2.5. Post-randomization

Tobacco abstinence was determined at each weekly visit starting with week two after randomization by subject self-report and biochemically-confirmed using urine cotinine (Benowitz et al., 2002). A physical examination was performed at the end of the medication phase (week 12) or at any visit at which subjects indicated they wanted to discontinue study participation. In order to determine the adequacy of blinding procedures, subjects were asked to state if they thought they were on active medication or placebo.

2.6. Study End Points

The primary endpoint was the biochemically-confirmed point-prevalence tobacco abstinence rate at end-of-treatment (12 weeks), defined as the self-reported tobacco abstinence in that last 7 days confirmed by a urine cotinine of < 50 ng/mL. Prolonged abstinence was also assessed and defined as no tobacco use following a two-week grace period after the TQD. Continuous abstinence was defined as no tobacco use following the TQD. Point-prevalence, prolonged, and continuous abstinence rates were also analyzed at weeks 24 and 52.

Additional endpoints included nicotine withdrawal, craving, and changes in mean body weight. Nicotine withdrawal and craving were determined from the daily diaries and body weight changes were determined for all subjects meeting criteria for prolonged tobacco abstinence at week 12.

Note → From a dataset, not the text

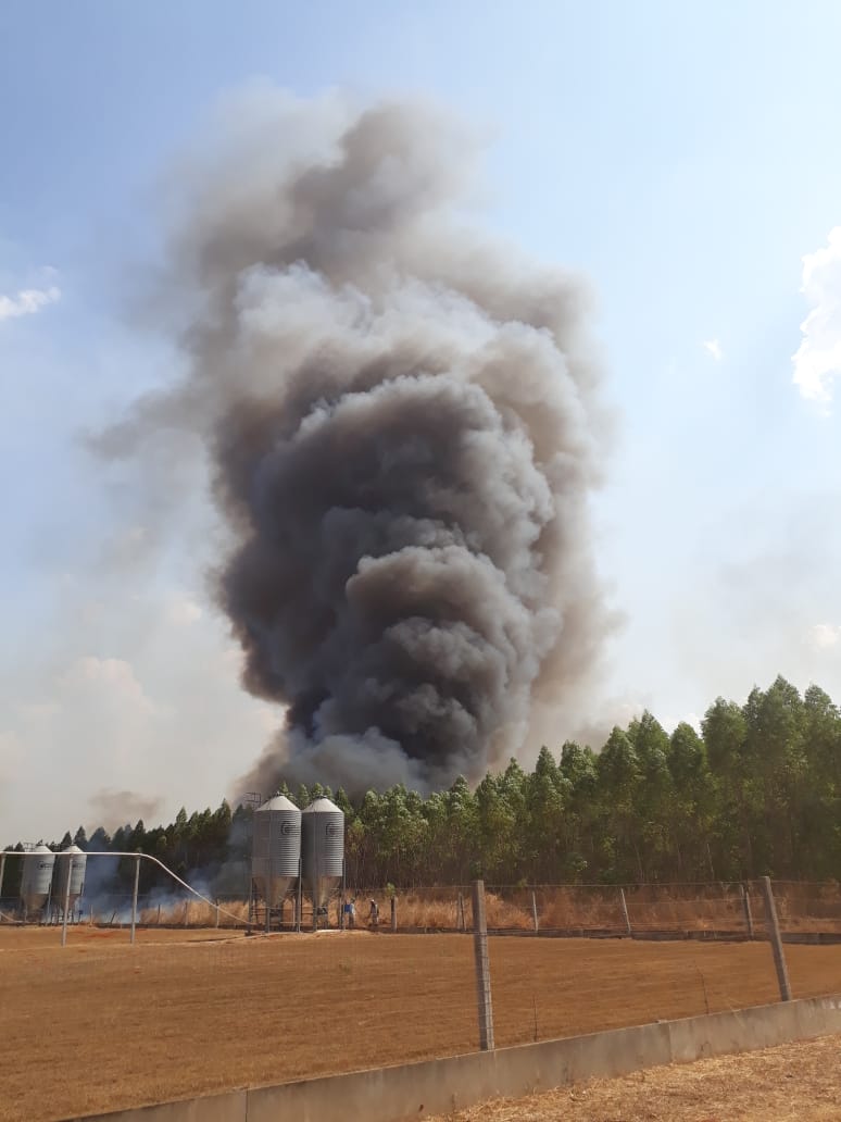 O fogo começou, esta manhã, em uma área de floresta, próxima a um frigorífico. As chamas se alastraram e foram em direção a algumas residências e três granjas da empresa.

2.7. Measures of Withdrawal and Craving

Subjects were asked to keep a daily diary to record symptoms of nicotine withdrawal. Daily diaries were distributed weekly starting at the baseline visit and returned at each weekly study visit through week 12. The daily diary included the Minnesota Nicotine Withdrawal Scale [MNWS] (Hughes, 1998; Hughes and Hatsukami, 1986). The MNWS assesses depression, insomnia, irritability/frustration/anger, anxiety, difficulty concentrating, restlessness, and increased appetite. Tobacco craving was also collected and modified for ST users by replacing “desire to smoke” with “desire to use tobacco.” Symptoms were rated on a 5-point Likert scale ranging from 0 (not present) to 4 (severe).

2.8. Adverse Events

All observed and self-reported adverse events were documented on case report forms and followed up until resolution or end of study.

2.9. Statistical Analyses

The sample-size for the current study was determined for the primary endpoint of 7-day point-prevalence tobacco abstinence for week 12 (end-of-treatment). From a pilot study, we observed a tobacco abstinence rate of 44% at the end of 12 weeks of medication for ST users receiving bupropion SR compared to 26% for subjects receiving placebo (Dale et al., 2002). Based on these preliminary data, we hypothesized that the 7-day point-prevalence tobacco abstinence rate at the end of the medication phase would be 26% for the placebo group. Using this assumption, we determined that a sample size of 220 subjects (110 placebo, 110 bupropion SR) would provide statistical power of 80% to detect an end-of-treatment abstinence rate of 44% or greater for the bupropion SR group (using a two-sided, α = 0.05 level test).

For tobacco abstinence endpoints, subjects who missed a visit or failed biochemical confirmation of tobacco abstinence were considered to be using tobacco for that visit. Tobacco abstinence endpoints were analyzed using logistic regression. The dependent variable for the primary analysis was the biochemically confirmed 7-day point prevalence tobacco abstinence at end-of-treatment (week 12), and the independent variables were treatment (bupropion SR vs placebo), study site (Minnesota vs West Virginia), and history of MDD (MDD vs no MDD). An initial analysis was performed which included the appropriate interaction terms to verify the assumption that the effect of bupropion SR was not dependent on study site and to test whether the effect of bupropion SR was dependent on a history of MDD. After confirming that there were no significant treatment-by-strata interaction effects, all subsequent analyses were performed with main effect terms for study site and history of MDD included as covariates. Odds ratios (ORs) and 95% confidence intervals (CIs) for bupropion SR vs placebo were calculated using the parameter estimates from this logistic regression model. Prolonged and continuous tobacco abstinence endpoints were also analyzed using similar logistic regression models. In addition, a repeated measures analysis was performed which included point prevalence tobacco abstinence outcomes for all post-TQD visits during the medication phase. Repeated abstinence outcomes were analyzed using Generalized Estimating Equations (GEEs) with a logit link function and robust variance estimates based on a first order autoregressive structure used to account for the correlation of repeated outcome assessments within individuals (Liang and Zeger, 1986).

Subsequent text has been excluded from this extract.